The below custom module will fetch and process the ORES scores data for each article with valid last revision id using the ORES API function defined above. 

For each article, the script reads the corresponding last revision id and uses it to make a request to the ORES API to obtain the quality score for that article. If the quality score is successfully retrieved, it is saved into the intermediary csv file for later use.
If for any reason, ORES requests fails for an article or if the last revision id is not available for an article, then details of such articles are recorded. This information is used to calculate and display error rate of ORES scores fetch.


In [10]:

def process_and_save_scores_data(file_path, email_address, access_token):
    """
    Get ORES scores for a list of article revision IDs and save them to a CSV file.

    Args:
        file_path (str): Path to the CSV file containing article page information.
        email_address (str): Your email address for the API request.
        access_token (str): Your access token for the API request.
    """
    
    failed_article_titles = []
    article_titles_missing_revid = []
    output_csv = 'intermediary_files/articles_ores_scores.csv'
    all_article_scores = []
    total_articles = 0

    try:
        with open(file_path, mode='r', newline='', encoding='utf-8') as csvfile:
            reader = csv.DictReader(csvfile)
            
            for row in reader:
                total_articles += 1 
                if 'lastrevid' in row and row['lastrevid'].strip():
                    rev_id = int(row['lastrevid'])
                    print(f"Requesting ORES score for revision ID: {rev_id}")
                    response = request_ores_score_per_article(article_revid=rev_id,
                                                    email_address=email_address,
                                                    access_token=access_token)
                    if response is not None:
                        # Initialize score data with revision ID and prediction
                        score_data = {
                            'pageid' : row['pageid'],
                            'title': row['title'],
                            'revision_id': rev_id,
                            'quality_prediction': response.get('enwiki', {}).get('scores', {}).get(str(rev_id), {}).get('articlequality', {}).get('score', {}).get('prediction')
                        }

                        all_article_scores.append(score_data)

                    else:
                        failed_article_titles.append(row['title'])
                
                else:
                    article_titles_missing_revid.append(row['title'])
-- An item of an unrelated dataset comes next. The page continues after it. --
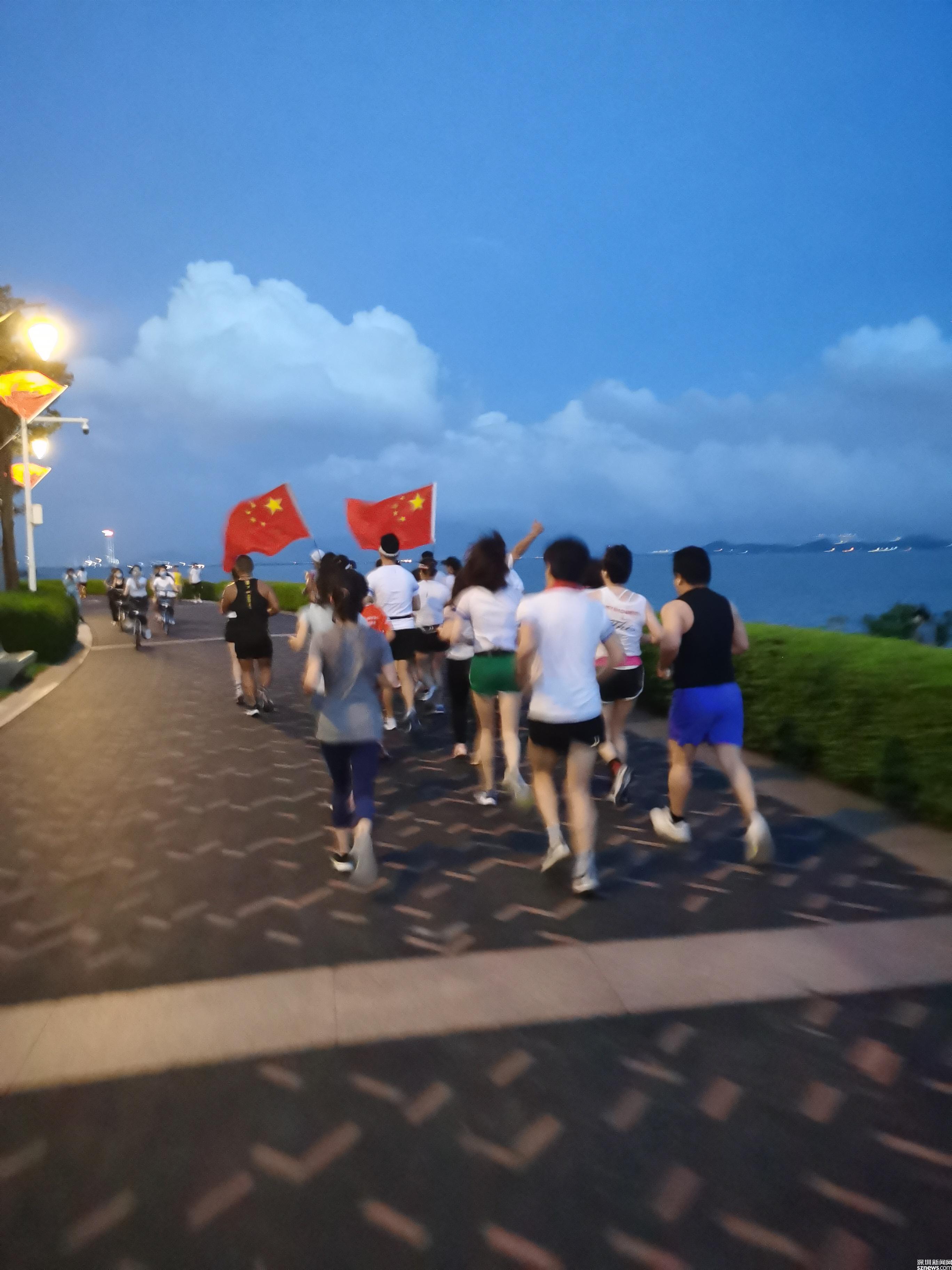 在海風(fēng)習(xí)習(xí)的深圳灣,20個(gè)人排成三隊(duì),在紅星紅旗的指引下,踏著統(tǒng)一的步伐,沿著海岸線跑了7.1公里。整齊的隊(duì)列,整齊的腳步聲,引起許多路人的關(guān)注和點(diǎn)贊。楊雨晨在心里唱著“沒有共產(chǎn)黨就就沒有新中國(guó)”,越跑越有力。

        # Convert the list of scores to a DataFrame
        all_article_scores_df = pd.DataFrame(all_article_scores)

        # Save to CSV
        all_article_scores_df.to_csv(output_csv, index=False)
        print(f"Scores saved to {output_csv}")

        # Calculate and print error rate
        error_count = len(failed_article_titles)  # Count of failed articles
        error_rate = error_count / total_articles if total_articles > 0 else 0  # Avoid division by zero
        
        print("\nFailed to fetch ORES scores for below articles\n", failed_article_titles)

        print("\nLast revision id value is missing for these articles\n", article_titles_missing_revid)

        print(f"\nError rate: {error_rate:.2%} ({error_count} failed out of {total_articles})")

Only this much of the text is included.